- PROBLEM TO SOLVE -
I'd ask you to write out the lines below exactly, with no images.
==============================
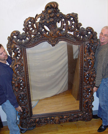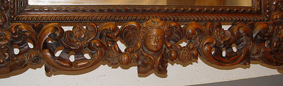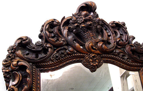 19th C. FRUIT CARVED OAK MIRROR: Superb mirror with crest of cornucopia spilling over with fruit and acanthus leaves. 76'' x 49'' overall. The glass is 47'' x 31''.
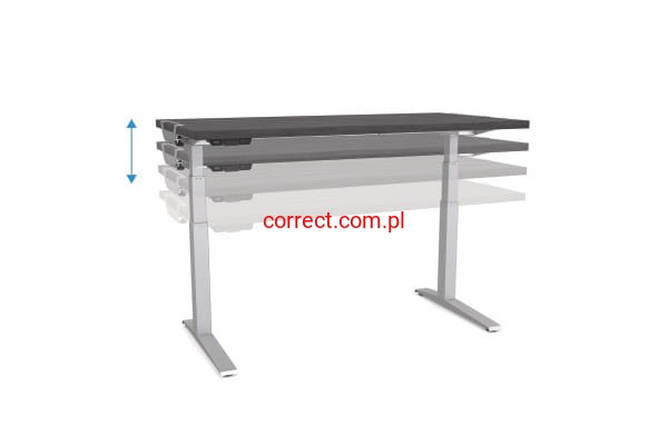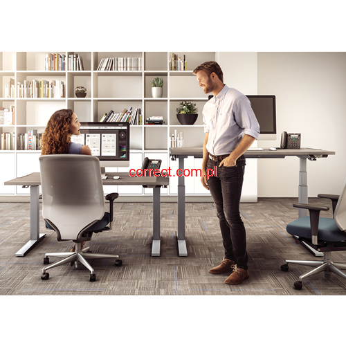 - Dwa osobne siłowniki (w każdej z nóg) zapewniają precyzję ustawienia blatu i biurka.
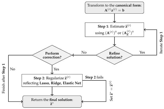 To accommodate the above-described problem classes, a modular two-step CLSP consists of a first (compulsory) step—minimum-norm LS estimation, based on or (hereafter denoted as to match )—followed by a second (optional) step, a regularization-inspired correction. This structure ensures that CLSP is able to yield a unique solution under a strictly convex second-step correction and extends the classical LS framework in both scope and precision, providing a generalized approach that reduces the reliance on problem-specific algorithms [28,29,30,31,32]. The estimator’s algorithmic flow is illustrated in Figure 4 and formalized below.
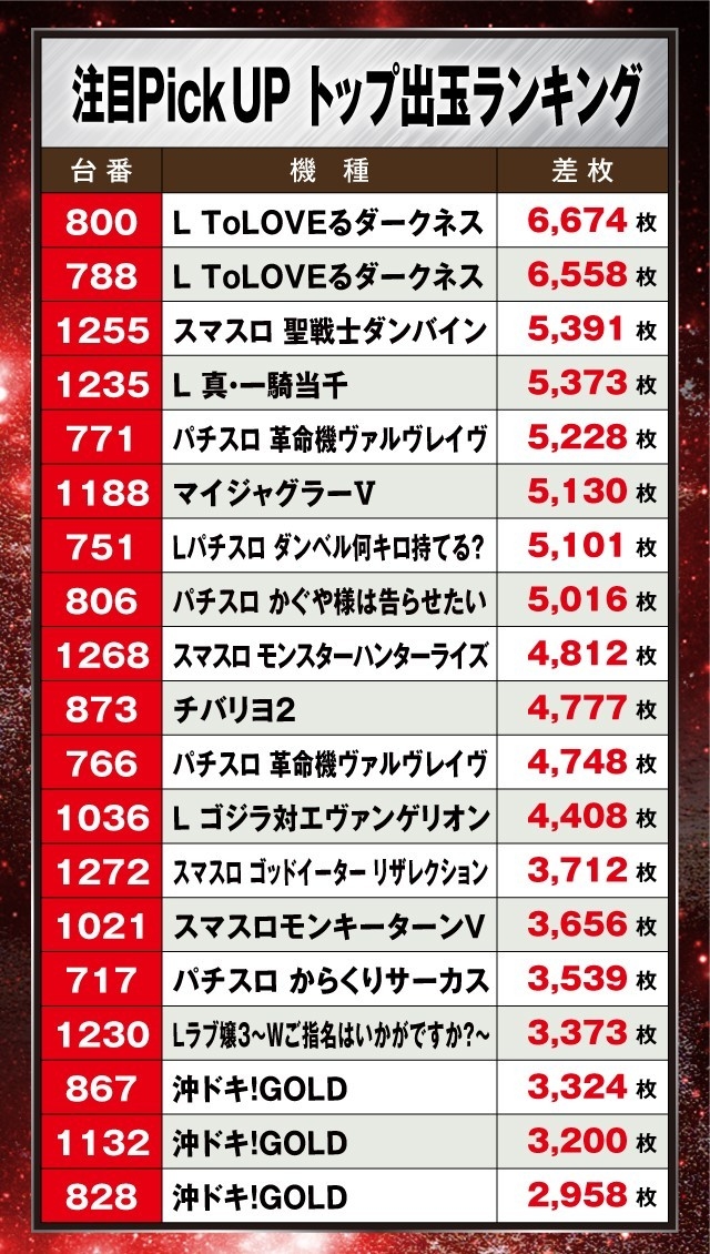 また、その他の機種も負けてはおらず『スマスロ 聖戦士ダンバイン』や『L 真・一騎当千』、『パチスロ 革命機ヴァルヴレイヴ』に『マイジャグラーⅤ』など、新旧やタイプを問わず、ありとあらゆる機種が+5,000枚超を記録していた。
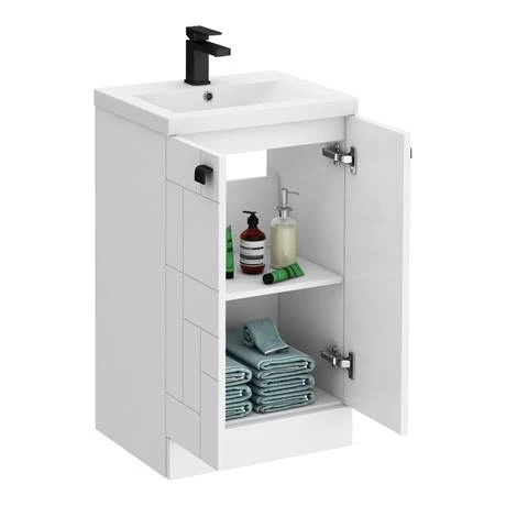The Venice Abstract 500mm White 2-Door Floor Standing Vanity Unit with Matt Black Drop Handles features an eye-catching geometric design that will create a style statement in your bathroom. It has ample storage with soft-closing cupboard doors and an internal shelf to keep your toiletries organised. A ceramic basin slots perfectly on top and all pipework is neatly concealed within the unit. Manufactured from quality materials, this vanity unit comes fully assembled and is finished in white satin.
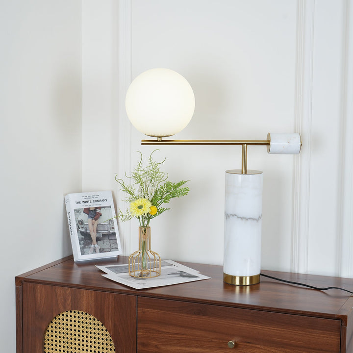The Lexi Table Lamp adds a modern touch to any room. Its minimalistic frame and marble base contrast create an elevated, balanced look. Bring a soft, inviting glow to any space with this stylish lamp.
==============================
- TASK RESULT -
 19th C. FRUIT CARVED OAK MIRROR: Superb mirror with crest of cornucopia spilling over with fruit and acanthus leaves. 76'' x 49'' overall. The glass is 47'' x 31''.
 - Dwa osobne siłowniki (w każdej z nóg) zapewniają precyzję ustawienia blatu i biurka.
 To accommodate the above-described problem classes, a modular two-step CLSP consists of a first (compulsory) step—minimum-norm LS estimation, based on or (hereafter denoted as to match )—followed by a second (optional) step, a regularization-inspired correction. This structure ensures that CLSP is able to yield a unique solution under a strictly convex second-step correction and extends the classical LS framework in both scope and precision, providing a generalized approach that reduces the reliance on problem-specific algorithms [28,29,30,31,32]. The estimator’s algorithmic flow is illustrated in Figure 4 and formalized below.
 また、その他の機種も負けてはおらず『スマスロ 聖戦士ダンバイン』や『L 真・一騎当千』、『パチスロ 革命機ヴァルヴレイヴ』に『マイジャグラーⅤ』など、新旧やタイプを問わず、ありとあらゆる機種が+5,000枚超を記録していた。
The Venice Abstract 500mm White 2-Door Floor Standing Vanity Unit with Matt Black Drop Handles features an eye-catching geometric design that will create a style statement in your bathroom. It has ample storage with soft-closing cupboard doors and an internal shelf to keep your toiletries organised. A ceramic basin slots perfectly on top and all pipework is neatly concealed within the unit. Manufactured from quality materials, this vanity unit comes fully assembled and is finished in white satin.
The Lexi Table Lamp adds a modern touch to any room. Its minimalistic frame and marble base contrast create an elevated, balanced look. Bring a soft, inviting glow to any space with this stylish lamp.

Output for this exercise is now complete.